TASK STATEMENT
Please set down the data word for word; images do not go in the copy.

EXERCISE MATERIAL
..............................
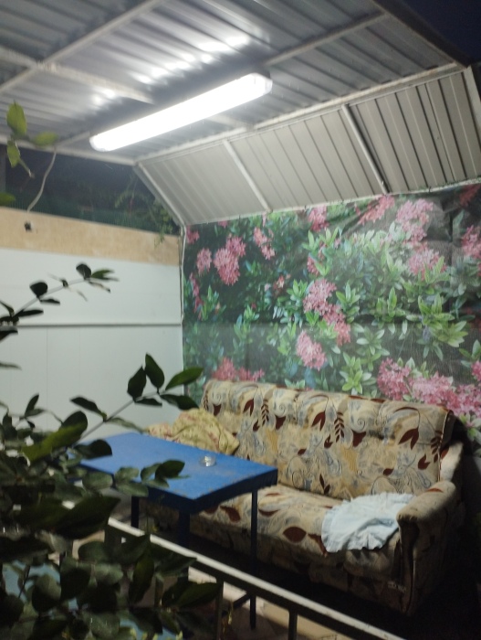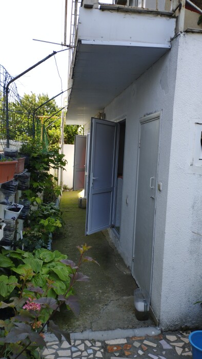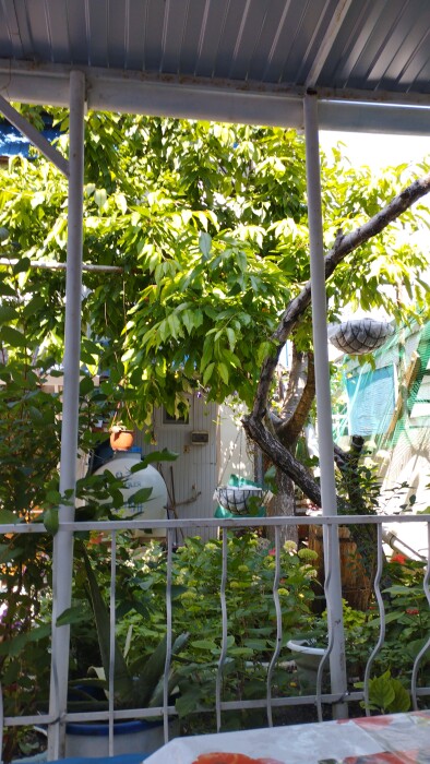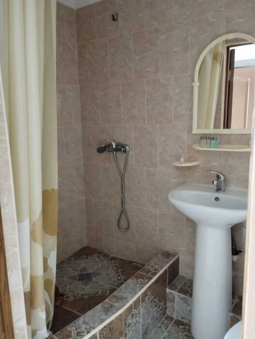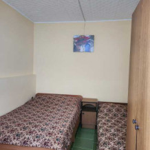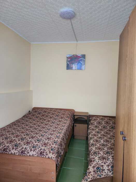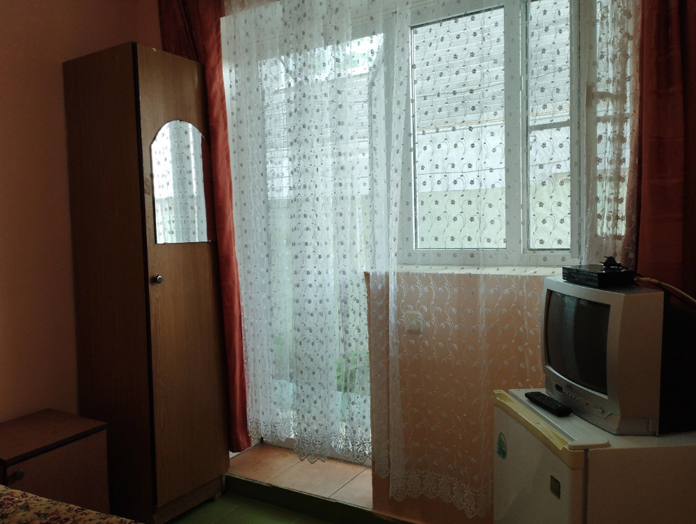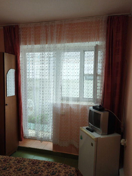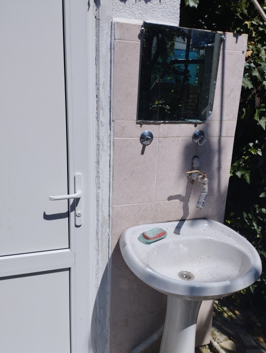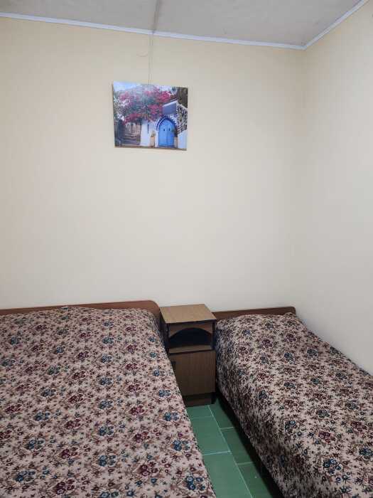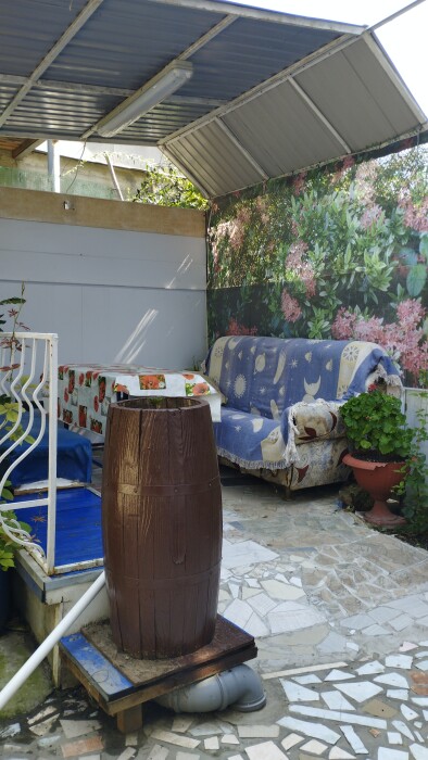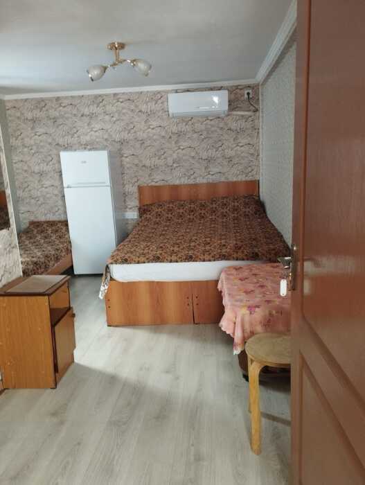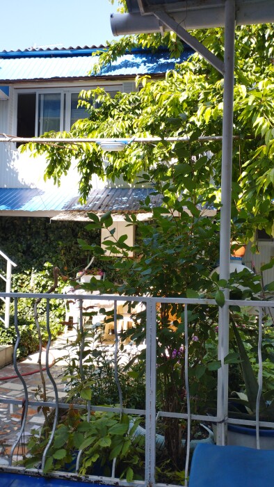 Находится домик в отдельном дворике, утопающем в зелени и цветах. Рассчитан на 8-10 человек. Один номер на втором этаже, к нему прилегает большая, открытая веранда, 3 комнаты на первом этаже. Уютный дворик с беседкой обеспечит Вам постоянное прибывание на свежем воздухе, в тени винограда и лиан. В каждой комнате есть тв, холодильник, кондиционер. Широкие и удобные кровати. В доме есть большая кухня, стиральная машина, гладильная доска, своя водонапорная башня обеспечит Вас водой в любое время.
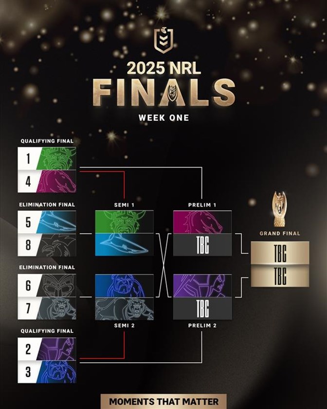 Finals specialists Melbourne and the Reece Walsh-inspired Broncos will put their feet up this weekend as the Bulldogs, Panthers, Sharks and Raiders fight for survival and the right to move into a preliminary final.
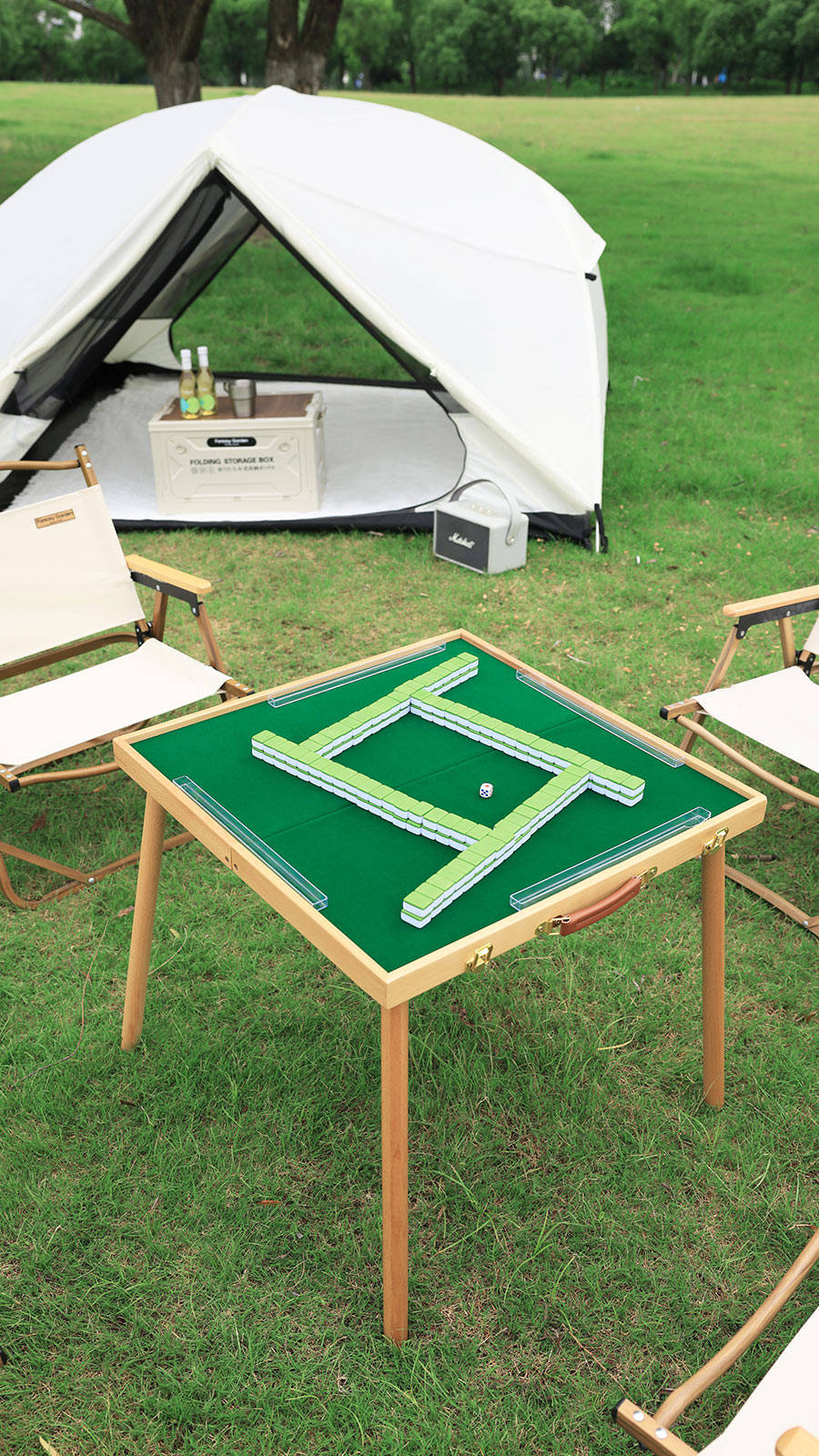 露营配麻将有多火,应该不用我多说了吧!!懒人们露营想打发时间,可以试试这种麻将桌,手提箱式的造型,携带很方便,而且自带麻将,话不多少搓起来,看看今天谁手气最佳!
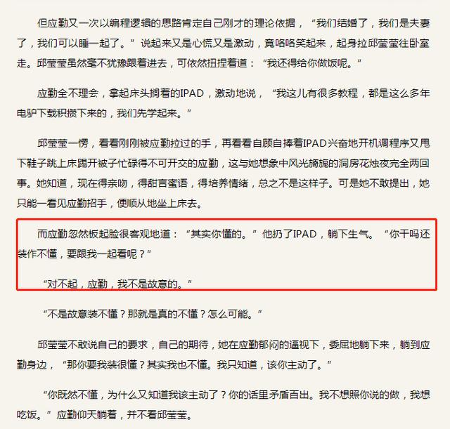 就算他们俩结婚了,邱莹莹的“非处女”,也将永远是应勤心中的一根刺。在《欢乐颂》的原著中,他们婚后两个人要开始正常的夫妻生活了,应勤还是会阴阳怪气地用这件事来指责邱莹莹。邱莹莹并不快乐,她宁愿去面对厨房都不愿和应勤说话。这就像古代罪犯脸上的烙印,变成了应勤永远指责邱莹莹的话柄。
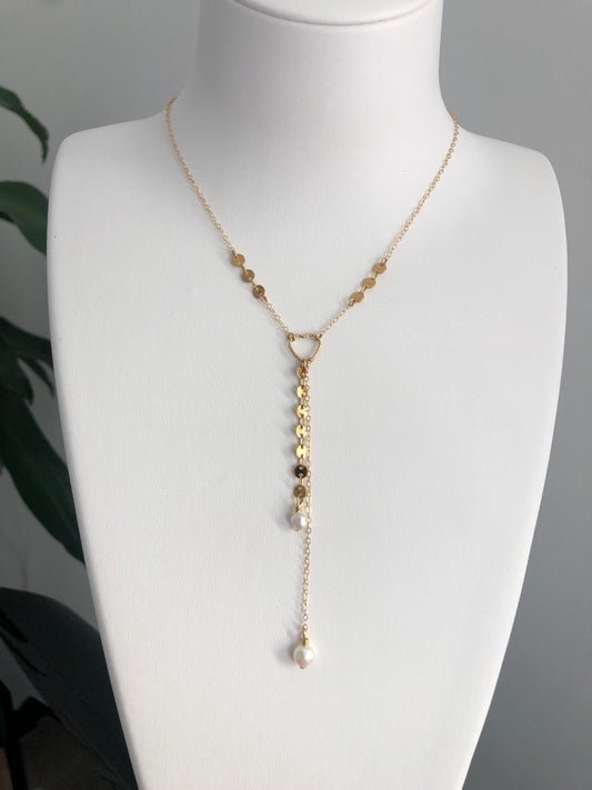 Collier Y "Lova" en Or Laminé 14k et chaîne sequin
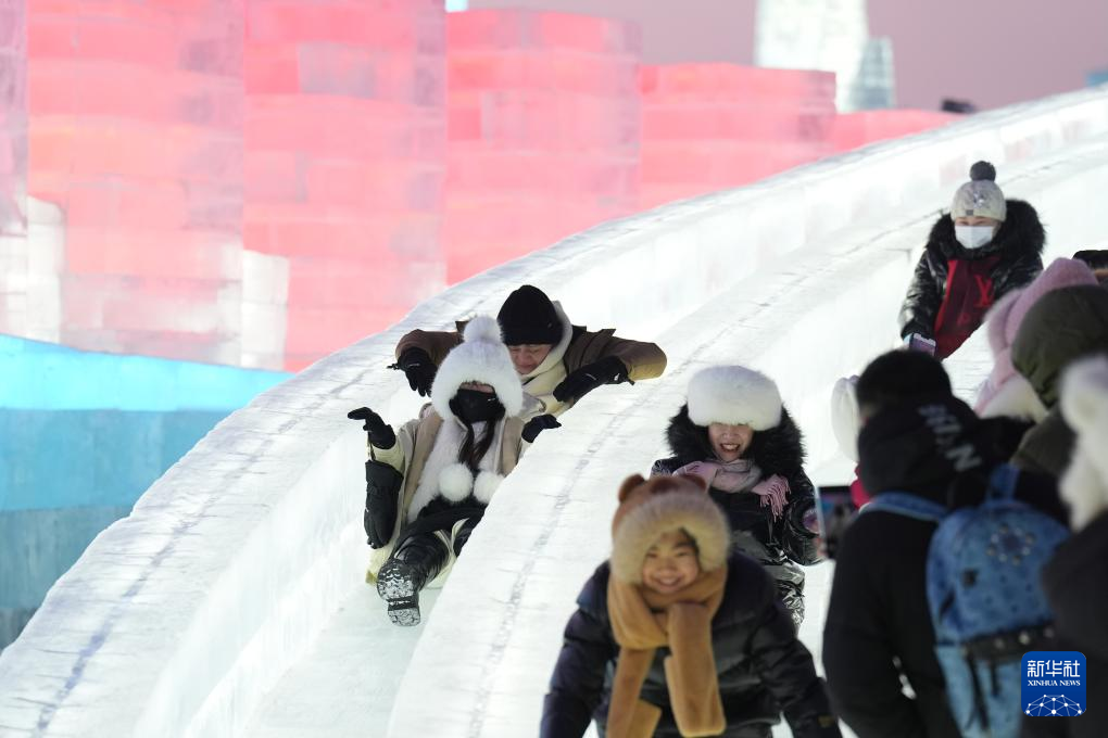 1月5日,游客在哈尔滨冰雪大世界园区内体验冰滑梯项目。
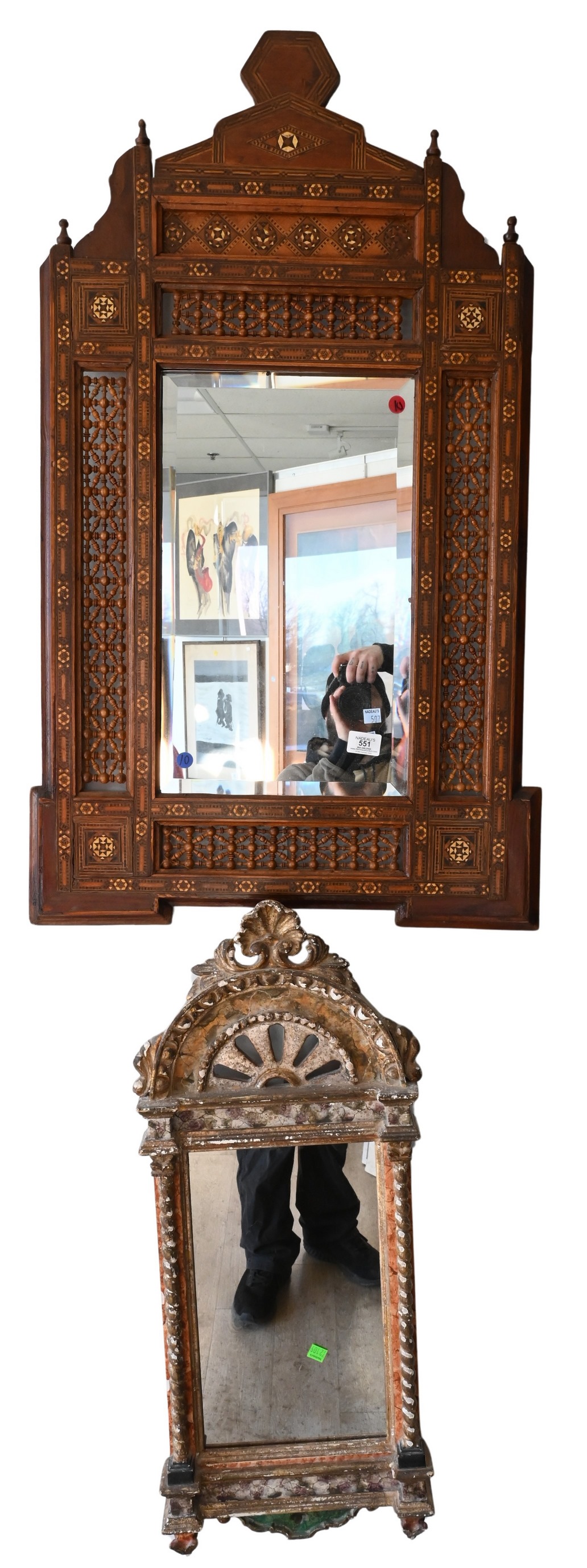 Moroccan carved and inlaid mirror with ball and fretwork, along with a polychrome carved mirror having faux marble paint and column borders
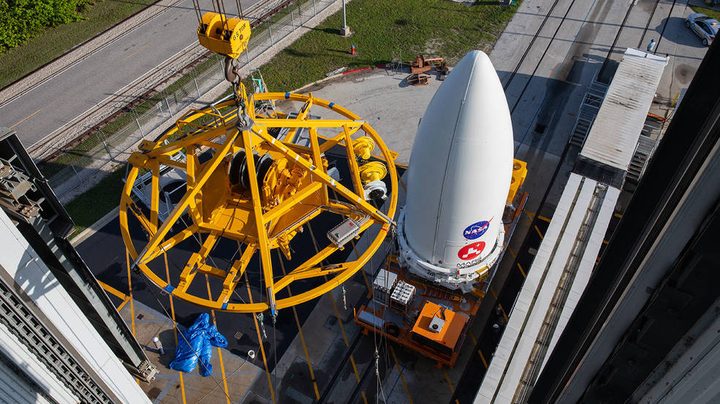 La NASA informó sobre el proceso que “comenzó cuando un polipasto de 60 toneladas en el techo de la Instalación de integración vertical en Space Launch Complex 41 levantó el cono de la nariz, también conocido como carenado de carga útil, 129 pies (39 metros) hasta la parte superior del cohete de espera. Allí, los ingenieros hicieron las conexiones físicas y eléctricas que permanecerán entre el propulsor y la nave espacial hasta aproximadamente 50 a 60 minutos después del lanzamiento, cuando los dos están separados pirotécnicamente y el rover Perseverance esté en camino”.
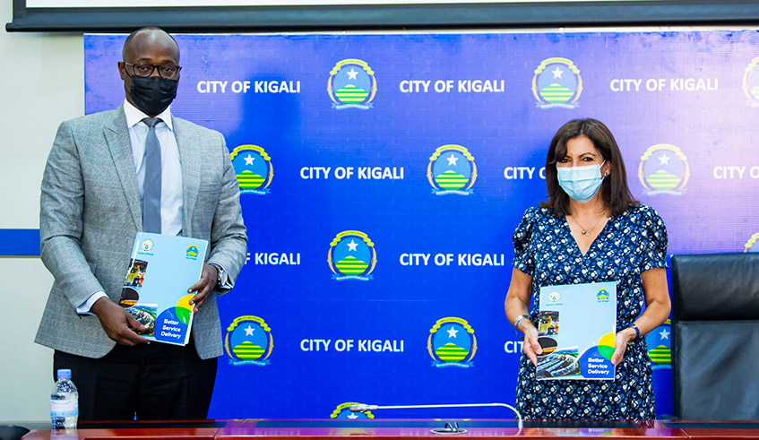 The Mayor of the City of Kigali, Pudence Rubingisa, and his Paris counterpart Anne Hidalgo on Tuesday signed a cooperation agreement spelling out different areas of cooperation between the two capitals. The signing of the agreement was held on the sidelines of the ongoing 41st AIMF summit that is underway in Kigali. AIMF is the General Assembly of the Association Internationale de Maires Francophones (AIMF), a summit that brings together mayors from cities in French-speaking countries. Over 200 leaders are in physical attendance while the rest join virtually. According to information from the City of Kigali, the deals inked include agreements of cooperation between the two cities in the areas of innovation, culture and new technologies. On his part, Rubingisa said that the agreement will among others help to improve the city and improve the living conditions of the people. Similarly, Mayor Hidalgo welcomed the partnership, citing that the City of Paris will benefit from cooperation with Kigali, especially in the field of art and environmental protection. Earlier on Tuesday, Hidalgo took time off to visit the Kigali Genocide Memorial – the final resting place for more than 250,000 victims of the Genocide against the Tutsi. At the memorial centre, she laid wreath and honored the Genocide victims. Hidalgo also made a stop at the Nyandungu urban wetland Eco-tourism Park. The park being created on 121.89 Ha is set to provide an urban recreational space, restore the hydrological functioning of the wetland and increase biodiversity, according to officials. Rwanda and France mainly enjoy cooperation around areas of digital transformation and innovation, health, sport & culture as well as private sector investments in various areas.
..............................
WRITTEN REPLY
 Находится домик в отдельном дворике, утопающем в зелени и цветах. Рассчитан на 8-10 человек. Один номер на втором этаже, к нему прилегает большая, открытая веранда, 3 комнаты на первом этаже. Уютный дворик с беседкой обеспечит Вам постоянное прибывание на свежем воздухе, в тени винограда и лиан. В каждой комнате есть тв, холодильник, кондиционер. Широкие и удобные кровати. В доме есть большая кухня, стиральная машина, гладильная доска, своя водонапорная башня обеспечит Вас водой в любое время.
 Finals specialists Melbourne and the Reece Walsh-inspired Broncos will put their feet up this weekend as the Bulldogs, Panthers, Sharks and Raiders fight for survival and the right to move into a preliminary final.
 露营配麻将有多火,应该不用我多说了吧!!懒人们露营想打发时间,可以试试这种麻将桌,手提箱式的造型,携带很方便,而且自带麻将,话不多少搓起来,看看今天谁手气最佳!
 就算他们俩结婚了,邱莹莹的“非处女”,也将永远是应勤心中的一根刺。在《欢乐颂》的原著中,他们婚后两个人要开始正常的夫妻生活了,应勤还是会阴阳怪气地用这件事来指责邱莹莹。邱莹莹并不快乐,她宁愿去面对厨房都不愿和应勤说话。这就像古代罪犯脸上的烙印,变成了应勤永远指责邱莹莹的话柄。
 Collier Y "Lova" en Or Laminé 14k et chaîne sequin
 1月5日,游客在哈尔滨冰雪大世界园区内体验冰滑梯项目。
 Moroccan carved and inlaid mirror with ball and fretwork, along with a polychrome carved mirror having faux marble paint and column borders
 La NASA informó sobre el proceso que “comenzó cuando un polipasto de 60 toneladas en el techo de la Instalación de integración vertical en Space Launch Complex 41 levantó el cono de la nariz, también conocido como carenado de carga útil, 129 pies (39 metros) hasta la parte superior del cohete de espera. Allí, los ingenieros hicieron las conexiones físicas y eléctricas que permanecerán entre el propulsor y la nave espacial hasta aproximadamente 50 a 60 minutos después del lanzamiento, cuando los dos están separados pirotécnicamente y el rover Perseverance esté en camino”.
 The Mayor of the City of Kigali, Pudence Rubingisa, and his Paris counterpart Anne Hidalgo on Tuesday signed a cooperation agreement spelling out different areas of cooperation between the two capitals. The signing of the agreement was held on the sidelines of the ongoing 41st AIMF summit that is underway in Kigali. AIMF is the General Assembly of the Association Internationale de Maires Francophones (AIMF), a summit that brings together mayors from cities in French-speaking countries. Over 200 leaders are in physical attendance while the rest join virtually. According to information from the City of Kigali, the deals inked include agreements of cooperation between the two cities in the areas of innovation, culture and new technologies. On his part, Rubingisa said that the agreement will among others help to improve the city and improve the living conditions of the people. Similarly, Mayor Hidalgo welcomed the partnership, citing that the City of Paris will benefit from cooperation with Kigali, especially in the field of art and environmental protection. Earlier on Tuesday, Hidalgo took time off to visit the Kigali Genocide Memorial – the final resting place for more than 250,000 victims of the Genocide against the Tutsi. At the memorial centre, she laid wreath and honored the Genocide victims. Hidalgo also made a stop at the Nyandungu urban wetland Eco-tourism Park. The park being created on 121.89 Ha is set to provide an urban recreational space, restore the hydrological functioning of the wetland and increase biodiversity, according to officials. Rwanda and France mainly enjoy cooperation around areas of digital transformation and innovation, health, sport & culture as well as private sector investments in various areas.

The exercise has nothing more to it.